Herrett Center for Arts and Science
- Established: 1980
- Location: College of Southern Idaho campus, 315 Falls Avenue, Twin Falls, Idaho, United States
- Director: Teri Fattig
- Website: http://herrett.csi.edu

= Herrett Center for Arts and Science =

Museum in Idaho, USA

The Herrett Center for Arts and Science, located on the main campus of the College of Southern Idaho in Twin Falls, Idaho, United States, is a museum of anthropology, natural history, astronomy, and art. The museum's collections primarily comprise anthropological artifacts and natural history specimens from the Americas, as well as works of local artists. The Center also houses the Faulkner Planetarium, the Centennial Observatory, a museum store, and a 2900 square foot (269 square meter) multi-purpose event space.

==Museum Galleries==
The museum exhibits a variety of anthropological artifacts, ethnographic items, and natural history specimens, primarily from the Americas.

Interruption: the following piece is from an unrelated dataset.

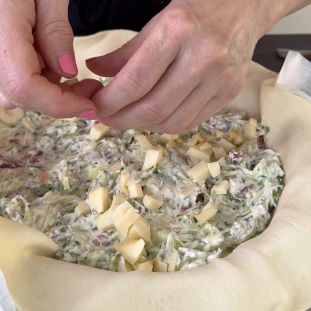 Repliez les bords de la pâte feuilletée et faites cuire dans un four statique préchauffé à 180°C pendant 30 minutes.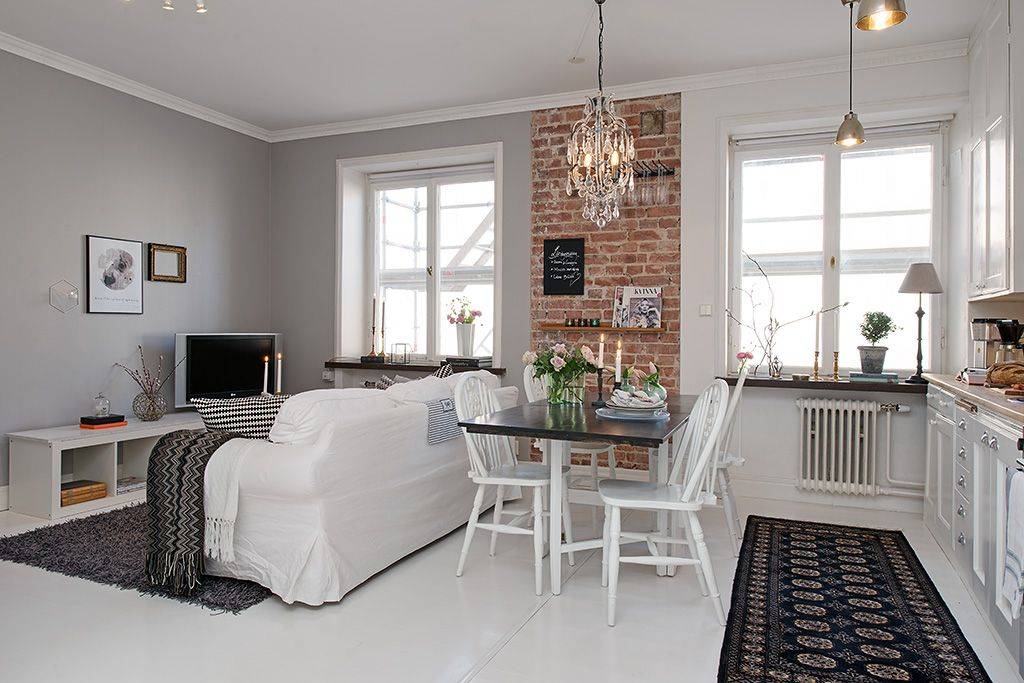 кухонную зону при возможности можно разместить в нише. Также иногда создают невысокую стационарную перегородку. Она непрозрачная, поэтому закрывает рабочую зону и не позволяет видеть гостям возможный беспорядок. Если возвести ее не до потолка, а на уровне роста, то она не будет препятствовать распространению света. Более того, такая перегородка делается не на всю ширину кухонной зоны. Со стороны кухни ее можно покрыть зеркальной поверхностью – это зрительно увеличит пространство, а с другой стороны – повесить телевизор, который станет центром гостиной зоны;

Notable among them is the Simon Clovis cache of over thirty stone bifaces found in Idaho in 1961, and a replica of the Huntington Canyon Mammoth, a nearly-complete Columbian mammoth skeleton unearthed in Utah in 1988. The Jean B. King Gallery of Art offers several exhibits per year, including annual student and faculty exhibits.

==Planetarium==
The Faulkner Planetarium opened in November, 1995, as the largest planetarium theater in Idaho, seating 151 under a 50' (15.2 m) dome (seven seats were later removed). When first opened the theater featured one of the first Evans & Sutherland Digistar II digital graphics projectors, 49 random access slide projectors, three video projectors, and an 11,500 W sound system. An upgrade to an Evans & Sutherland Digistar 5 fulldome video system, LED cove lighting, a Dolby 5.1 surround sound system and an AstroFX theater control system took place in the fall of 2013, followed by an upgrade to Digistar 6 in May 2020. Programs are offered for school groups and the public throughout the year.

==Observatory==
The Centennial Observatory opened in May, 2004, featuring the largest fully wheelchair-accessible public telescope in the world at the time (since superseded). It houses a 24" (0.6 m) Ritchey-Chrétien f/8, computer-controlled, equatorial fork-mounted telescope manufactured by DFM Engineering under a 20' (6 m) dome, as well as a number of smaller portable telescopes. Viewing opportunities are offered throughout the year to both the public and school groups.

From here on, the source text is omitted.